Reliable Zero-Shot Classification with the Trustworthy Language Model
In zero-shot classification, we use a Foundation model to classify input data into predefined categories (aka. classes), without having to train this model on a dataset manually annotated with these categories. This utilizes the pre-trained model’s world knowledge to accomplish tasks that would require much more work training classical machine learning models from scratch. The problem with zero-shot classification of text with LLMs is we don’t know which LLM classifications we can trust.
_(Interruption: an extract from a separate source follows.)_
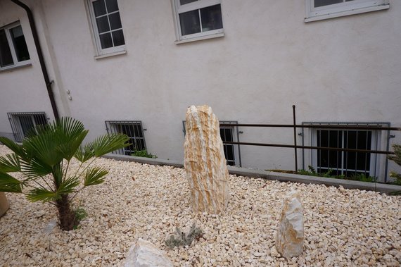 Nach diesem Ausflug in die Welt des weltliches Genusses ging es wieder zurück zu den geistlichen "Wurzeln", nämlich nach Venningen, das zu den Perlen der Pfalz gehört. Nach einer Besichtigung der Kirche St. Georg galt die Aufmerksamkeit dem angrenzenden Bibelgarten, den die Katholische Frauengemeinschaft Venningen angelegt hat und der an Pfingsten 2017 eingeweiht wurde. Der thematisch angelegte Garten greift verschiedene Bereich des Glaubens auf, wie beispielsweise einen "Schöpfungsbogen" mit einem Apfelbaum und bunten Blumen, eine "steinerne Wüstenlandschaft" mit Kakteen und einer Palme, ein Brunnen als "Wasser und Quelle des Lebens", eine Kräuterspirale für ein "Leben in Fülle", für die Ruhe am siebten Tag der Schöpfung eine "Bank", ein Plakat aus dem Misereor Hungertuch von Sieger Köder (1996) für die "Eucharistie", ein Kreuz für das "Leben und Sterben von Jesus", ein leeres "Grab" für die "Auferstehung" und Pfingstrosen für das "Pfingstfest, dem Geburtstag der Kirche".

Most LLMs are prone to hallucination and will often predict a category even when their world knowledge does not suffice to justify this prediction.
This tutorial demonstrates how you can easily replace any LLM with Cleanlab’s Trustworthy Language Model (TLM) to gauge the trustworthiness of each zero-shot classification, as well as automatically boosting classification accuracy. Use TLM to ensure reliable classification where you identify which model predictions cannot be trusted. This can be useful for automated data labeling, by revealing which subset of the data can be confidently handled by the LLM vs. which data requires human annotation.
Setup
TLM requires a Cleanlab account. Sign up for one here and use TLM for free! If you’ve already signed up, check your email for a personal login link.
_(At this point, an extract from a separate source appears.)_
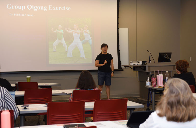 My research focuses on using Qigong (pronounced chee-gong) exercise, a mind-body exercise, to promote physical and emotional well-being in older adults. Qigong exercise consists of deep controlled breathing, moving meditation, and gentle body movements. The reason that I am passionate about Qigong is that it makes me keep doing this exercise. Before studying Qigong exercise, I was not an exercise person! Qigong movements are so easy to do and learn. It makes me feel calm and relaxed every time I do it, while keeping me physically active. Through my studies, the potential of Qigong exercise in promoting older adults’ health is not just for physical function, but also emotional well-being. I believe that Qigong exercise can be easily adapted in communities to become a powerful tool that keeps older adults healthy and independent at home.

The Python client package can be installed using pip:
%pip install cleanlab-studio
import re
import pandas as pd
from tqdm import tqdm
from difflib import SequenceMatcher
from cleanlab_studio import Studio
studio = Studio("<insert your API key>") # Get API key from: https://app.cleanlab.ai/account after creating an account
Let’s load an example classification dataset. Here we consider legal documents from the “US” Jurisdiction of the Multi_Legal_Pile, a large-scale multilingual legal dataset that spans over 24 languages. We aim to classify each document into one of three categories: [caselaw, contracts, legislation]
.
We’ll prompt our TLM to categorize each document and record its response and associated trustworthiness score. You can use the ideas from this tutorial to improve LLMs for any other text classification task!
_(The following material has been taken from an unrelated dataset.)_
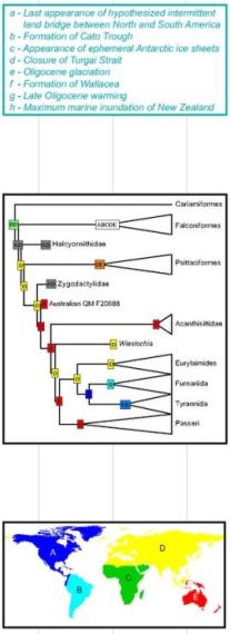 - Rapid continental drift and island formation in Wallacea allowing the dispersal of songbirds out of Australia.

First download our example dataset and then load it into a DataFrame.
wget -nc 'https://cleanlab-public.s3.amazonaws.com/Datasets/zero_shot_classification.csv'
df = pd.read_csv('zero_shot_classification.csv')
df.head(2)
index | text | |
---|---|---|
0 | 0 | Probl2B\n0/NV Form\nRev. June 2014\n\n\n\n ... |
1 | 1 | UNITED STATES DI... |
Perform Zero Shot Classification with TLM
Let’s initalize a TLM
object using default TLM configuration settings. Advanced configuration options exist that can produce improved classification accuracy or trustworthiness scoring.
tlm = studio.TLM() # to boost performance, consider adding: quality_preset = 'best'
Next, let’s define a prompt template to instruct TLM on how to classify each document’s text. Write your prompt just as you would with any other LLM when adapting it for zero-shot classification. A good prompt template might contain all the possible categories a document can be classified as, as well as formatting instructions for the LLM response. Of course the text of the document is crucial.
'You are an expert Legal Document Auditor. Classify the following document into a single category that best represents it. The categories are: {categories}. In your response, first provide a brief explanation as to why the document belongs to a specific category and then on a new line write "Category: <category document belongs to>". \nDocument: {document}'
If you have a couple labeled examples from different classes, you may be able to get better LLM predictions via few-shot prompting (where these examples + their classes are embedded within the prompt). Here we’ll stick with zero-shot classification for simplicity, but note that TLM can also be used for few-shot classification just like any other LLM.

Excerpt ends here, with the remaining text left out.